──────── Source data
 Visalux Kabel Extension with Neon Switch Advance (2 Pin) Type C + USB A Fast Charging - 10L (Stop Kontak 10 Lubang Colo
────────────────
──────── Source data
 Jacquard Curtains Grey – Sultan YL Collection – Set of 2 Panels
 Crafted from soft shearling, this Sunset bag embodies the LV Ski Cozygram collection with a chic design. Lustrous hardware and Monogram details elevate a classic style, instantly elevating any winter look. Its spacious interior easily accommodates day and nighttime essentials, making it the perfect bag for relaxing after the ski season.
────────────────
Within the listing above, give again exactly every line from the line with "Jacquard Curtains Grey" through the line with "Crafted from soft", both included, and no other line.

 Jacquard Curtains Grey – Sultan YL Collection – Set of 2 Panels
 Crafted from soft shearling, this Sunset bag embodies the LV Ski Cozygram collection with a chic design. Lustrous hardware and Monogram details elevate a classic style, instantly elevating any winter look. Its spacious interior easily accommodates day and nighttime essentials, making it the perfect bag for relaxing after the ski season.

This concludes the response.